Mal sabia o capitão Manuel Carvalho que estava sendo guiado como pastor a nos dar o maior maestro brasileiro de todos os tempos.

O ano é 1923, Iguatu, Sertão Central do Ceará.

O Exército já havia salvado o indisciplinado Luiz Gonzaga da morte e dado a ele as condições para que pudesse desenvolver seus talentos. Antes dele viera Eleazar de Carvalho que na Marinha encontrou sustento e educação. Antigamente a Marinha funcionava como uma escola interna que ensinava e preparava meninos bons e rebeldes para serem homens.

O menino inquieto era esfomeado demais. Eleazar descobriu que quem frequentava a banda de música tinha uma ‘boia’ melhor e para lá seguiu. Cinco anos depois, em 1928, já no Rio de Janeiro e aos 16 anos Eleazar de Carvalho já tocava na disputada banda dos Fuzileiros Navais da Marinha Brasileira. Um ano depois passou em concurso para a Orquestra do Teatro Municipal do Rio de Janeiro e teve que deixar a Marinha.

O mel da cana vira rapadura. Açucar quando falta o boi

Para sustentar-se passou a tocar em bailes na companhia de ninguém menos que Almirante, Donga e Pixinguinha os quais junto com ele faziam a banda American Jazz. Ao mesmo tempo tomava aulas de regência com Francisco Mignone na Escola de Música do Rio de Janeiro.

O talento do inquieto garoto iguatuense para a música encaminhava-o para a regência e em 11 de junho de 1939, aos 27 anos apenas, Eleazar compõe e rege a sua primeira obra – a ópera O Descobrimento do Brasil.
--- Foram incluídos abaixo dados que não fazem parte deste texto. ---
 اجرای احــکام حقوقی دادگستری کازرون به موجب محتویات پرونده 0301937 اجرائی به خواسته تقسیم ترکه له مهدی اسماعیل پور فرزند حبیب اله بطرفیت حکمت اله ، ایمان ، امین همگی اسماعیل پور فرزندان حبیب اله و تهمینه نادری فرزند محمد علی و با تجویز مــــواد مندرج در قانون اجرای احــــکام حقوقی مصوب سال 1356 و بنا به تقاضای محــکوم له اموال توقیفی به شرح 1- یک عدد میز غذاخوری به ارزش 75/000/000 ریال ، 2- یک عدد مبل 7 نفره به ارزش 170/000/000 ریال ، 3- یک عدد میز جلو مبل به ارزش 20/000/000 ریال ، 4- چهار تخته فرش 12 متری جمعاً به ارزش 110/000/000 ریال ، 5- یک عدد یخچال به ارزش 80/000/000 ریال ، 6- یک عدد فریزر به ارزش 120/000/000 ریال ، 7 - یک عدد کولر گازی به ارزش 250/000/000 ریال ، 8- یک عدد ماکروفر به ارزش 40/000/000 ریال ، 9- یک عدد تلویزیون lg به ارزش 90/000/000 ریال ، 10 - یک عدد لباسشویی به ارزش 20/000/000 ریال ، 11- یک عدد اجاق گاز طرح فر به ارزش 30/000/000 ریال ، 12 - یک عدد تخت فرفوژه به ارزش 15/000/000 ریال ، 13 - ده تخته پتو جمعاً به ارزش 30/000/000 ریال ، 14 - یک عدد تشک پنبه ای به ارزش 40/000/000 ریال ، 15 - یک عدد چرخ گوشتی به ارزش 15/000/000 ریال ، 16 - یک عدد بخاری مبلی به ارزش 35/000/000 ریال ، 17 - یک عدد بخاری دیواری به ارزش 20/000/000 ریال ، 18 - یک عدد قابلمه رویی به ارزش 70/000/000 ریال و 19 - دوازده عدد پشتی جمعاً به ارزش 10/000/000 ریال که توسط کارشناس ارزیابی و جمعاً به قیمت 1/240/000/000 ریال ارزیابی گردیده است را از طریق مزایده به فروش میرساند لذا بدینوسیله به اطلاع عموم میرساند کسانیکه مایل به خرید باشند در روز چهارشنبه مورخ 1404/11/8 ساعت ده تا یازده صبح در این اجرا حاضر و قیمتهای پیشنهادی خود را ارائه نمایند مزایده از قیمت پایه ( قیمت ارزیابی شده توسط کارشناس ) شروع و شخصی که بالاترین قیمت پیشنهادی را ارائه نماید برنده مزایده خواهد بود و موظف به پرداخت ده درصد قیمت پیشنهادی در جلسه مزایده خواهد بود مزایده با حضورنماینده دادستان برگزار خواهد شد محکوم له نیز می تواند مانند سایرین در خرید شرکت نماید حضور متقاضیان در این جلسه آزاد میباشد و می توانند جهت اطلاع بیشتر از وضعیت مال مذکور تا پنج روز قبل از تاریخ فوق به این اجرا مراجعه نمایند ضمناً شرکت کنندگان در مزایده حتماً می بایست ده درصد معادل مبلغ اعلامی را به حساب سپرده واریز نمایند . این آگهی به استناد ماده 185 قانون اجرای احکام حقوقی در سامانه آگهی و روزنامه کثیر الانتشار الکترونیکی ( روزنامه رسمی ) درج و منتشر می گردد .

Aqui um aparte. Venho de uma família de grande veia musical, apesar de não tocar nenhum instrumento. Mas aprendi a amar a boa música, principalmente aquela que fala e te conta uma história apenas com a melodia – a chamada erudita. E como um apaixonado por sinfonias, óperas, adágios, minuetos, etc, não poderia permitir ensurdecer as letras, cegar parágrafos e deixar de reverenciar este ilustre brasileiro.

Como Eleazar de Carvalho nasceu e viveu a sua primeira infância no campo, eu e Jan Messias decidimos tentar reproduzir através das paisagens entre Iguatu e o município de Quixelô (anteriormente distrito de Iguatu) o ambiente que viveu, na sua infância, o maior maestro brasileiro de todos os tempos.
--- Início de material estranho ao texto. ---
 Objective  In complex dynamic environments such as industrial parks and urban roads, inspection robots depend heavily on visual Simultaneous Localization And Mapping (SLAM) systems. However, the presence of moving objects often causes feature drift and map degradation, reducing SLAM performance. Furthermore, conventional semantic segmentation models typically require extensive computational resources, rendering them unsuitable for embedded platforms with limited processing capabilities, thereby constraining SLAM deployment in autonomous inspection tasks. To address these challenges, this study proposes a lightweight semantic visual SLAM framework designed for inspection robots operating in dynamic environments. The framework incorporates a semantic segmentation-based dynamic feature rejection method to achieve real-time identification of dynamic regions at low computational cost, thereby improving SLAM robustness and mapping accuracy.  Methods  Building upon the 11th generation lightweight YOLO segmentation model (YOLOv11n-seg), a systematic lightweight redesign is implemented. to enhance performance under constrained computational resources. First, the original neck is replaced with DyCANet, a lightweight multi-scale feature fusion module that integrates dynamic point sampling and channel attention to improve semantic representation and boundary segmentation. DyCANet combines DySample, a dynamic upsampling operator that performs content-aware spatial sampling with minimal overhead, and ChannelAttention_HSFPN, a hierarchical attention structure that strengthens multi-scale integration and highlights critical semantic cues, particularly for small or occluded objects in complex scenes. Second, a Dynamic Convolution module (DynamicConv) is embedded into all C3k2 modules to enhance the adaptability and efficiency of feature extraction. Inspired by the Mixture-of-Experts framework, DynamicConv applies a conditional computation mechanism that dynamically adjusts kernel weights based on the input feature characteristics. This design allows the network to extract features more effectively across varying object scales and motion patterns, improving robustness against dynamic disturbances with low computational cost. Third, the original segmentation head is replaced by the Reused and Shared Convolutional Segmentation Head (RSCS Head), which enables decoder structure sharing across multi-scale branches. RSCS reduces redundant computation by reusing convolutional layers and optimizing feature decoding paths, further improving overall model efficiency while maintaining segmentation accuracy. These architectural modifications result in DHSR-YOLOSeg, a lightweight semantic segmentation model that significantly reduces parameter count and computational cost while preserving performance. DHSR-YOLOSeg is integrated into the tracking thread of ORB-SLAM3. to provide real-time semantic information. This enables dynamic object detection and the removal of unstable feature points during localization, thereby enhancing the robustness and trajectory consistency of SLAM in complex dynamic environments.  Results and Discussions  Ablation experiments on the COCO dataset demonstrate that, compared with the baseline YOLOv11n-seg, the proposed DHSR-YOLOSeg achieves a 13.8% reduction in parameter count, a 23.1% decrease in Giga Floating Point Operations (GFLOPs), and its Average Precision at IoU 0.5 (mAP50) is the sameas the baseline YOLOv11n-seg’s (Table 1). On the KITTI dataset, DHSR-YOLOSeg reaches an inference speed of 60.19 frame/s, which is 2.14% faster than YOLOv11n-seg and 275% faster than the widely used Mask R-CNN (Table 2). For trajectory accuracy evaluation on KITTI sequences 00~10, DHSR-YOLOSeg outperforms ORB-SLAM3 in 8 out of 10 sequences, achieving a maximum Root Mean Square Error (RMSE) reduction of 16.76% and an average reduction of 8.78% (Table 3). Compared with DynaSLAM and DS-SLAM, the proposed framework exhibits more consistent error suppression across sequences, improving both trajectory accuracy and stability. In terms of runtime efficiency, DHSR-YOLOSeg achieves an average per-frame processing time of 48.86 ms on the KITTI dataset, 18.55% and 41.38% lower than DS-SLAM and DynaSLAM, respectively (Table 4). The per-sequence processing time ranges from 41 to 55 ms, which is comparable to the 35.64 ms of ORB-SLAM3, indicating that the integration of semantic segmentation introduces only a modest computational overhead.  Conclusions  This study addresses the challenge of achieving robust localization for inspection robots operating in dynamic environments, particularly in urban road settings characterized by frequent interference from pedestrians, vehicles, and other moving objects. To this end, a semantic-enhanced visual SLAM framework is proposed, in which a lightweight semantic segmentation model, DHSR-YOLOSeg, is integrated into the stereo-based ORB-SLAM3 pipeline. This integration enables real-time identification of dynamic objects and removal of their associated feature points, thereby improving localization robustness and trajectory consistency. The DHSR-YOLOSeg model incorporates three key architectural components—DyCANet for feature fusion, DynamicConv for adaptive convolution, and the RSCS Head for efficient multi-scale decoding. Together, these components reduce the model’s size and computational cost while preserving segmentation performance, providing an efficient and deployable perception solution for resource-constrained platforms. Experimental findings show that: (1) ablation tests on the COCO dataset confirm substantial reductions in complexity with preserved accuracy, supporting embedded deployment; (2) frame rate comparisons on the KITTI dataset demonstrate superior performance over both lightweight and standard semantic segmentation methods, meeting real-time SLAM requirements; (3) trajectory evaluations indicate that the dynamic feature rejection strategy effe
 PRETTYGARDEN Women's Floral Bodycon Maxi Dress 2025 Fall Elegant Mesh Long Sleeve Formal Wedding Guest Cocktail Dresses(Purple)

Pegamos nossas motos e fomos buscar na paisagem que até bem pouco tempo estava com mais de cinquenta tons de cinza, estéril e aparentemente sem jeito a transformação recente provocada pelas primeiras chuvas. Buscávamos nesta mesma paisagem algo semelhante ao que aconteceria com a vida de Eleazar de Carvalho ao ser lavado pelo orvalho da música que o seguiu para sempre.

1939 no Rio de Janeiro

Maestro Eleazar de Carvalho

Nesta mesma época chegava ao Brasil um dos maiores regentes mundiais – ninguém menos que Toscanini. Com ele vinha a Orquestra da NBC. O jovem Eleazar faminto por devorar novas partituras ficou encantado. Inquieto, como sempre o fora, saiu Rio de Janeiro adentro caçando músicos refugiados da Segunda Guerra Mundial para, junto com eles, compor a primeira formação da Orquestra Sinfônica Brasileira que seria regida pelo húngaro Szenkar. E quem era o assistente? Eleazar de Carvalho.
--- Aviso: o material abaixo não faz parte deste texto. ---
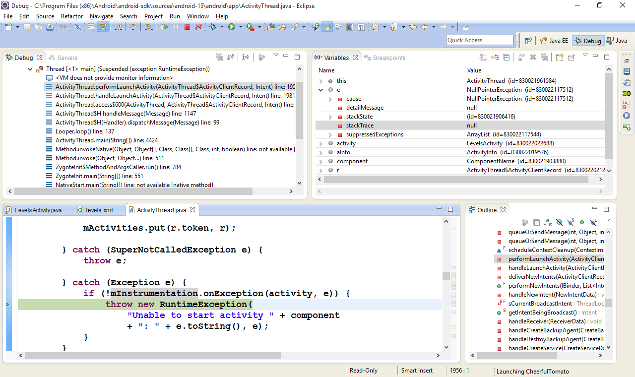 Программа хорошо компилируется, но при запуске вылетает и выдает в LogCat ошибку: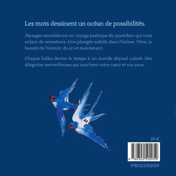 Les mots dessinent un océan de possibilités.Paysages sensibles est un voyage poétique du quotidien qui vous enlace de sensations. Une plongée subtile dans l'intime, l'être, la beauté de l'instant, du ici et maintenant.Chaque haïku donne le tempo à un monde abyssal coloré. Des allégories merveilleuses qui touchent votre coeur et vos yeux.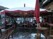 An beiden Talstationen kann man den Tag in Après-Ski-Schirmbars schön ausklingen lassen. Oben im Skigebiet stehen Skihütten und Bars mit Liegestühlen bereit.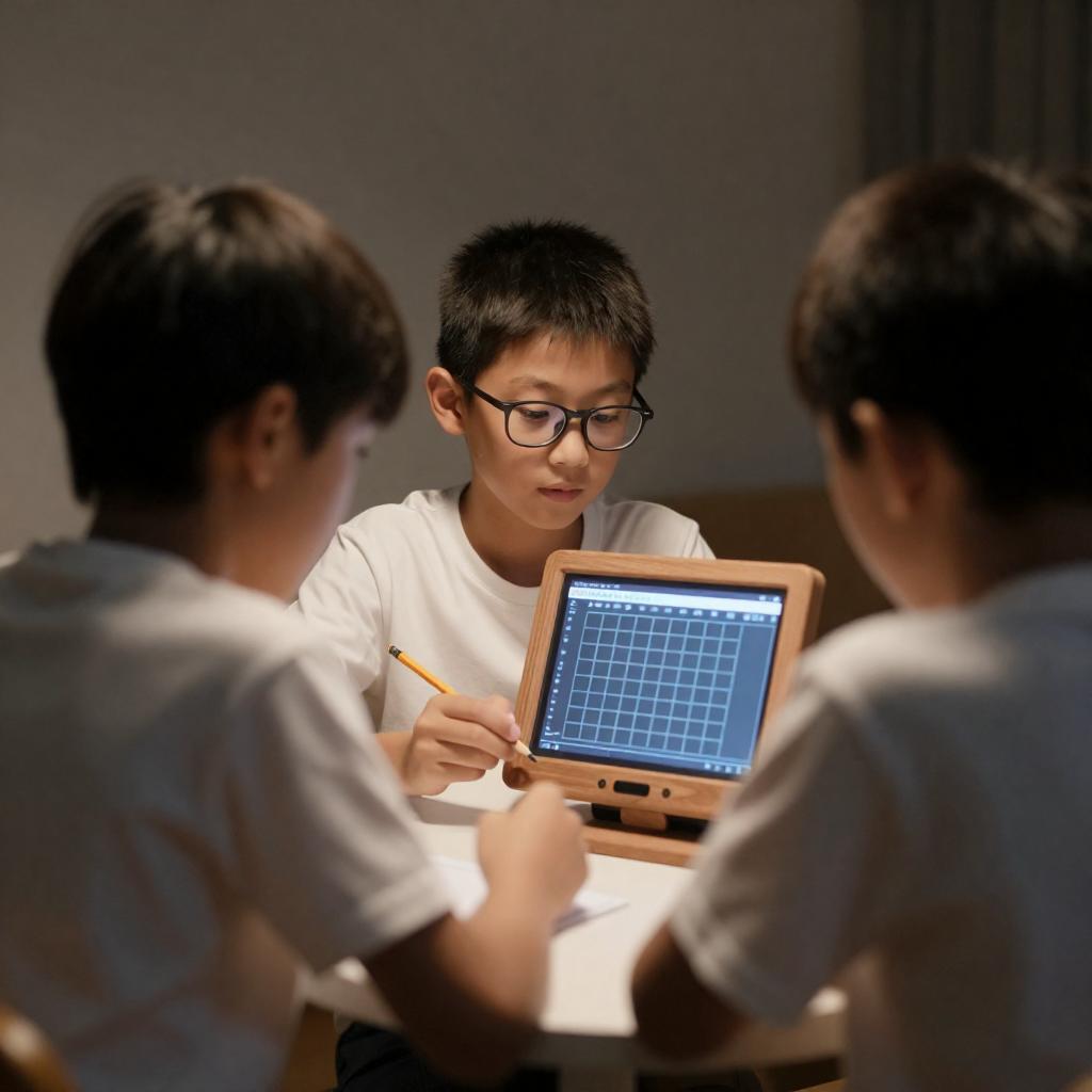 Photograph of two young Asian boys in a dimly lit room. One boy with glasses and short brown hair, wearing a white shirt, holds a pencil and looks at a small, wooden-framed monitor displaying a digital grid. The other boy, with short brown hair, faces him, partially shadowed. Both focus intently on the monitor.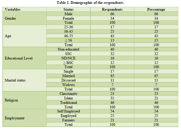 Table 1 shows the demographic of the respondents., 66% of respondents are males 34% of the respondents are females, 46-55 age bracket with 43% was the among the respondents while, ≥ 56 with 15% was lowed among the respondents. Also, the educational level shows that non-educated 40% among the respondents, while ≥ BSC with 15% was the lowest. 65% among the respondents were married and 7% windows the lowest. 46% of the respondents were traditional worshipers, and 23% I Christianity adherents was the lowest. The employment level shows that 54% among the respondents were self-employed while, 21% w of the respondents were farmers.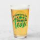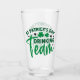 Ce verre festif amusant à boire présente l'image textuelle "St Patrick's Day Drinking Team" avec des shamrocks et des coeurs. Parfait pour la Saint Patrick.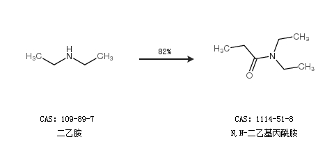 1.通过二乙胺合成N,N-二乙基丙酰胺,收率约82%;
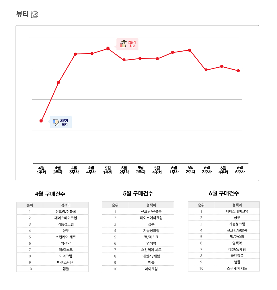 뷰티 카테고리의 경우 4월 1주차에 최저 판매량을 기록했지만 2주차부터는 점차 상승해 높은 구매건수를 유지하고 있습니다. 실내 활동에 집중되었던 지난 2년과는 달리 풀 파티, 워터파크, 해수욕장, 캠핑장 등 야외활동이 증가하면서 여름 휴양지 패션에 어울리는 뷰티 아이템, 특히 무더위에도 무너지지 않는 뷰티 아이템들에 대한 관심이 높아졌습니다. (관련 자료 : 찜통더위 완벽하게 즐기기 위한 뷰티 아이템은? ) 이로 인해 선크림/선블럭, 페이스 메이크업 상품이 2분기 내내 높은 순위를 차지했습니다. 한편 집에서도 편하게 새치 관리를 할 수 있는 샴푸형 염모제가 여전히 인기를 얻어 6월에는 2위까지 올랐습니다.

Eleazar esteve junto da Orquestra Sinfônica Brasileira até 1946 quando, finalmente, conseguiu junto ao Ministro João Alberto a possibilidade de ser apresentado à América!

A conquista da América

A inquietude, que beirava o desaforo e a sandice, fez com que Eleazar se apresentasse e se vendesse como “em perfeitas condições para reger as orquestras de Boston, Filadélfia e Nova York”. Muitas portas batidas depois eis que surge um convite para reger no não menos famoso Carnegie Hall. Acontece que desejavam vendê-lo como um índio e o cartaz o traria apresentado em trajes indígenas. Eleazar recusou e difícil de dobrar buscou conselhos e disseram-lhe que “para chegar a reger essas orquestras ele deveria ainda mudar-se para o Arizona e só depois de uns vinte anos retornar”.

A ponte de ferro marca de Iguatu, lugar por onde o pequeno Eleazar deixou sua terra

Teimoso e inteligente, Eleazar não levou o conselho a sério e decidiu continuar suas tentativas até que descobriu que Sergei Koussewitzky – um dos maiores nomes da música à época – era diretor de uma escola de regentes e estava ministrando cursos naquele momento em Tanglewood. E lá se foi Eleazar procurá-lo. Os cursos já estavam em andamento e por isso o maestro não aceitaria mais ninguém na turma.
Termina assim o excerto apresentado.